PROBLEM TO SOLVE
In the entries below, find the line with "Inovasi ini merupakan" and the line with "Fiber Pickleball Paddle!"; copy them and every line between them exactly, but not the pictures.

INPUT MATERIAL
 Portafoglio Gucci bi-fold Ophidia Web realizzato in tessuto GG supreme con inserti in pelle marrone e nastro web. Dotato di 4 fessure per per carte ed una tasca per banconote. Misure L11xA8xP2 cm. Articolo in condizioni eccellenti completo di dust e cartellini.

--

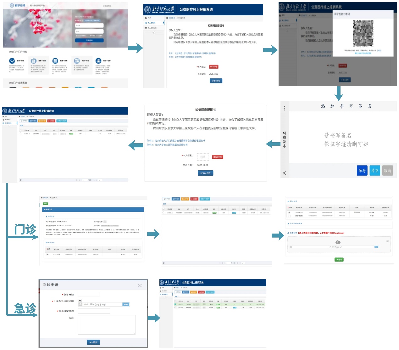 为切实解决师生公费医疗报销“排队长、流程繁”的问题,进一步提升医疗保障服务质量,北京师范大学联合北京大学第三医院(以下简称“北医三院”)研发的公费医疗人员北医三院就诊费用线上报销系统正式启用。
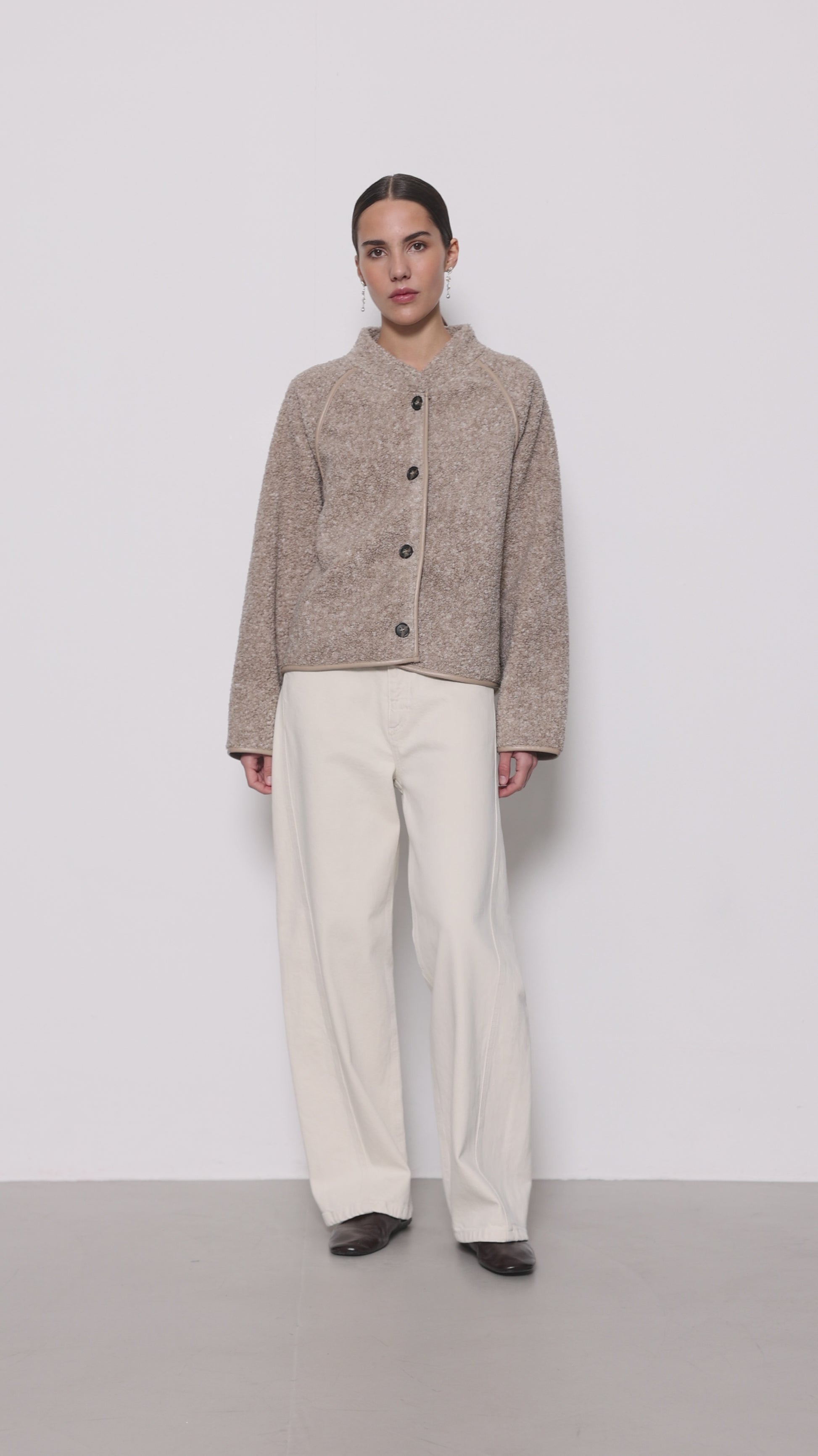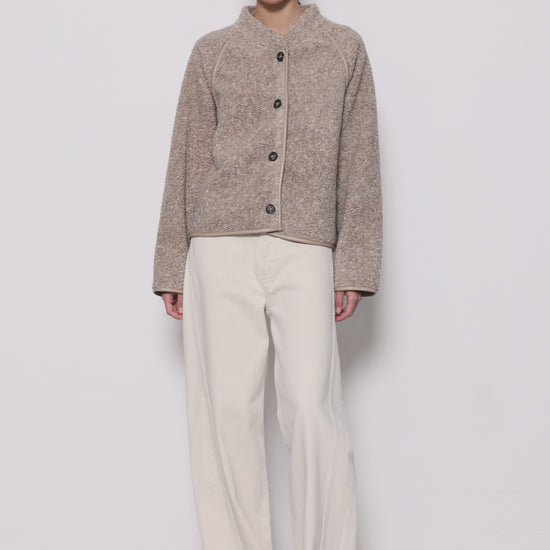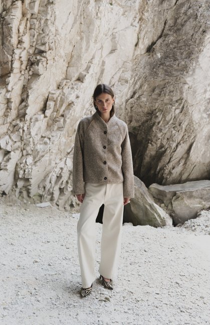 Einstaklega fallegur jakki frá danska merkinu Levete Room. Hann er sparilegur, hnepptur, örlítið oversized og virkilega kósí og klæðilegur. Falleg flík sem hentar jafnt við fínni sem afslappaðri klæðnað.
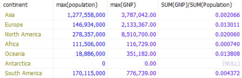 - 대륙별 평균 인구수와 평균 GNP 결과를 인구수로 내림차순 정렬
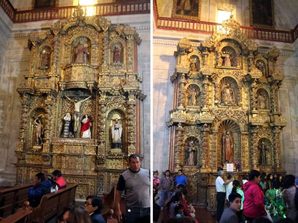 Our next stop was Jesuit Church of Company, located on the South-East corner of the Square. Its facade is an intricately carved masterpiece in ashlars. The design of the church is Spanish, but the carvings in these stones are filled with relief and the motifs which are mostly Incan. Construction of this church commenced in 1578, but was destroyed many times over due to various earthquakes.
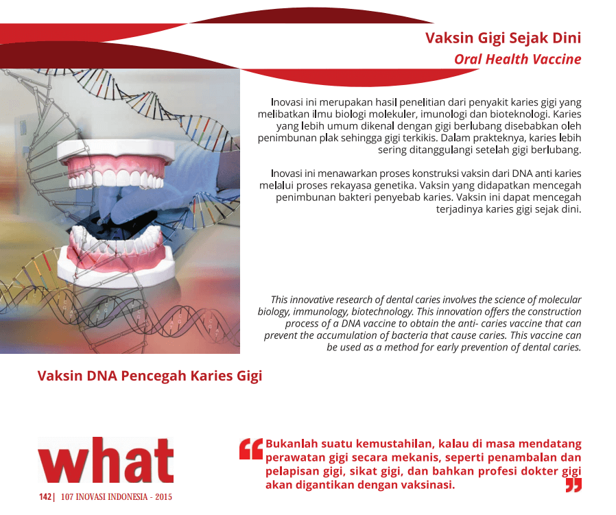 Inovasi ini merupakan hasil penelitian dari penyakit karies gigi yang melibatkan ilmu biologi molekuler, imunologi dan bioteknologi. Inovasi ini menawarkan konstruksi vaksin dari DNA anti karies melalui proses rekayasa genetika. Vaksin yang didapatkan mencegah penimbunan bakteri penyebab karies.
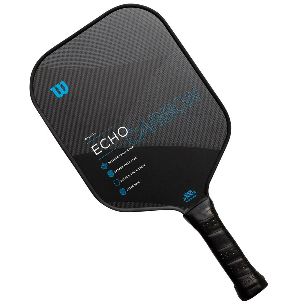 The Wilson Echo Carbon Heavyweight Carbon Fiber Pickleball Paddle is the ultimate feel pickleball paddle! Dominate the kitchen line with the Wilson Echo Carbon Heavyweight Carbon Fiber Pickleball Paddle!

OUTPUT OF THE TASK
 Inovasi ini merupakan hasil penelitian dari penyakit karies gigi yang melibatkan ilmu biologi molekuler, imunologi dan bioteknologi. Inovasi ini menawarkan konstruksi vaksin dari DNA anti karies melalui proses rekayasa genetika. Vaksin yang didapatkan mencegah penimbunan bakteri penyebab karies.
 The Wilson Echo Carbon Heavyweight Carbon Fiber Pickleball Paddle is the ultimate feel pickleball paddle! Dominate the kitchen line with the Wilson Echo Carbon Heavyweight Carbon Fiber Pickleball Paddle!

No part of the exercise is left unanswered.